Sorry to ask, I’m sure what I’m trying is trivial but I cannot find an example in docs or on the forum.

I’ve got a nextflow script involving Dragen & AWS Batch where the outputs are written directly to the F1 instance I launch. I stream fastq input from S3.

I’ve a very simple config, with an out_dir like so:

params {
    out_dir = 's3://bucket/simpleDragen_out/'
}

and in my main process, it’s referenced like so


process simpleDragen {
 
    publishDir  "${params.out_dir}", mode: 'copy', overwrite: true

    dragen ..... --output-directory ./ .....
    
}

If afterwards, I do the below, I pick up all the inputs and outputs so I can see it exists. However nextflow is not pushing the results automatically. Am I missing a major step?

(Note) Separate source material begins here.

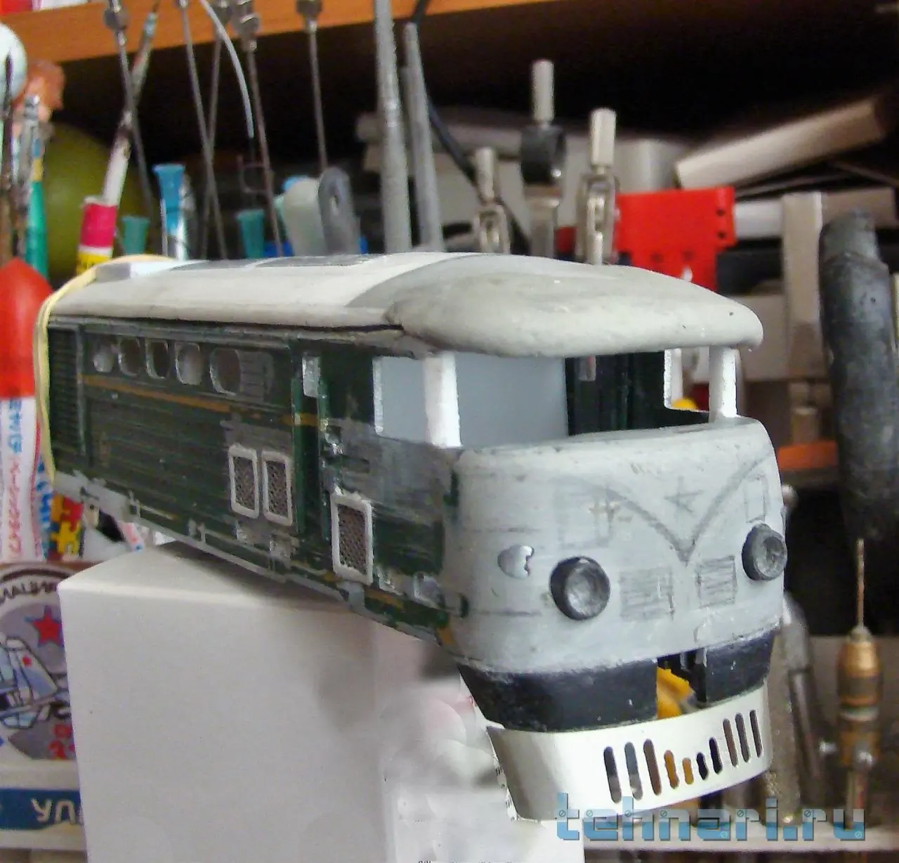 Лицо локомотива обрастает новыми деталями. На сей раз это метельник. В качестве основания под него послужил метельник от модели-донора, который пришлось разрезать пополам и несколько срезать по высоте, ориентируясь на масштабные размеры , взятые с чертежа локомотива. Полученный в результате разрезки и установки основания метельника на корпус модели зазор ничем заполнять нет необходимости, поскольку в данный зазор будет устанавливаться автосцепка.

aws s3 sync ./ s3://bucket/simpleDragen_out/

Any guidance is appreciated, thanks :slight_smile:

From the Nextflow official documentation on publishDir:

Have you tested how long it takes for the files to appear in the publish directory? It shouldn’t take too long, but some time after the pipeline run is finished is expected.

1 Like

Sorry this is my fault entirely!!

Forgot to define an output so doing the below fixed it. I had thought it automatically picked up what the process produced!

Onwards and upwards

process simpleDragen {
    publishDir  "${params.out_dir}", mode: 'copy', overwrite: true
    output:
    path 'sample*'
    input:
    file fastq1
    file fastq2
    script:
     .............................

Oh, exactly.

Can you think of the TBs of data that would be transferred and stored somewhere if Nextflow transferred everything a task produces? 🫨 That’s why we need the output block to:

a) Throw a warning/error if the task doesn’t deliver what’s supposed to be delivered
b) Make sure the specific set of outputs required by the next task will be available for this next task
c) Guarantee only meaningful output is taken into consideration for reports (e.g. with MultiQC) and published in our results folder.

1 Like

This topic was automatically closed 7 days after the last reply. New replies are no longer allowed.